Released: April 6, 2020
Kimberly Parish Adjudicator
Footnotes
- Minor Injury Guideline, Superintendent’s Guideline 01/14, issued pursuant to s. 268.3 (1.1) of the Insurance Act.
- Tab 1 of applicant’s submissions - Police Report from [police services], dated November 16, 2016, pages 6-7.
- Tab 3 of applicant’s submissions – Paramedic Call Report from [paramedic service], dated November 16, 2015, pages 1 - 3, 5.
- Tab E of respondent’s submissions – X-ray of cervical spine from [a hospital], dated November 16, 2016.
- Tab 2 of applicant’s submissions – Autobody Repair Estimate, dated November 17, 2016.
- Clements v. Clements, 2012 SCC 32.
- Scarlett v. Belair, 2015 ONSC 3635 (Div. Ct.), para. 24.
- Tab 6 of applicant’s submissions – Chronic Pain Assessment report of Dr. M. Friedlander, dated August 29, 2019.
- Tab 5 of applicant’s submissions - Chiropractic report of Dr. D Marion, dated July 13, 2017.

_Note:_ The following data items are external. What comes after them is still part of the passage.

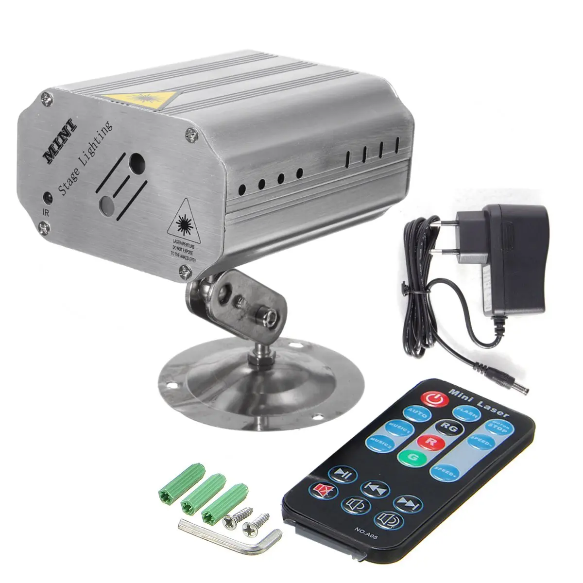 Посылка включает в себя:Сценическое освещение-1 шт.1 пульт дистанционного управления1 х штепсельная вилка европейского стандарта (также поставляется с бесплатным адаптером в соответствии с вашей страной)1 карданный держатель1 x Руководство пользователя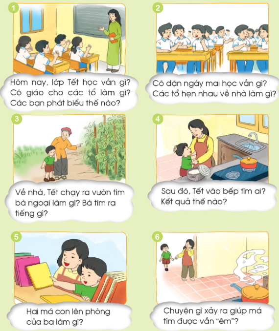 Tranh 2: Cô dặn các bạn học sinh ngày mai học vần êm. Các tổ về nhà hẹn nhau đi tìm những từ có vần “êm”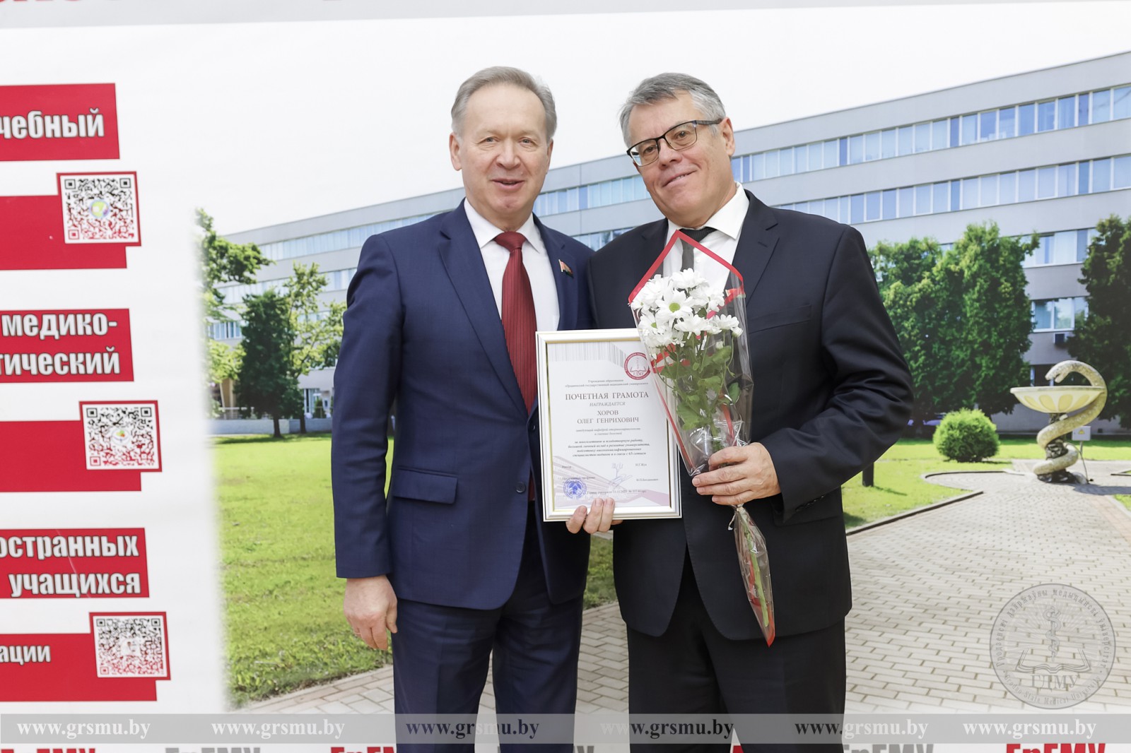 По традиции начало заседания было посвящено церемонии награждения сотрудников университета. Почетной грамотой учреждения образования «Гродненский государственный медицинский университет» был удостоен заведующий кафедрой оториноларингологии и глазных болезней Олег Генрихович Хоров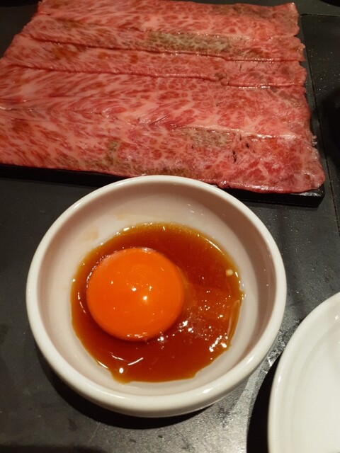 部位ザブトンを薄切りにして特製のにんにくダレに卵黄をからめて頂きます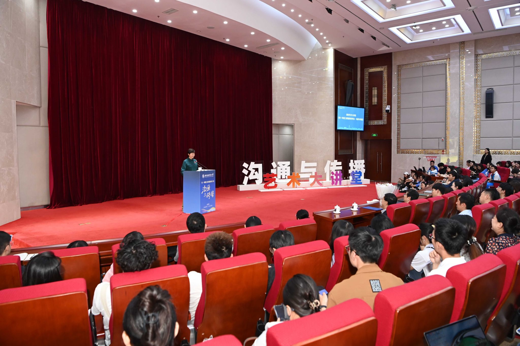 5月11日下午,中央广播电视总台播音指导、著名电视节目主持人敬一丹应邀来校,做客“西财艺术大讲堂”,以《有一种能力跨越你的专业:沟通与传播》为题作文化素质讲座。党委书记赵建军出席讲座,党委副书记、纪委书记孙殿明参加并主持讲座。400余名师生到场聆听。

- Tab I of respondent’s submissions - IE report of Dr. M. Aiello, dated October 6, 2017.
- Tab 4 of applicant’s submissions – MRI of cervical spine, dated June 5, 2017.
- Tab H of respondent’s submissions – letter from Steve Savage, physiotherapist at CBI, dated August 1, 2017.
- 17-008413 v. Aviva General Insurance, 2018 CanLII 130856 (ONLAT).
- Tab 12 of applicant’s submissions, psychological report of Dr. Payne, dated July 31, 2019 and Tab 8 of applicant’s submissions – psychological report of Dr. Gerber, dated August 23, 2019.
- Tab M of the respondent’s submissions, Psychological IE report of Dr. Prendergast, dated June 21, 2019.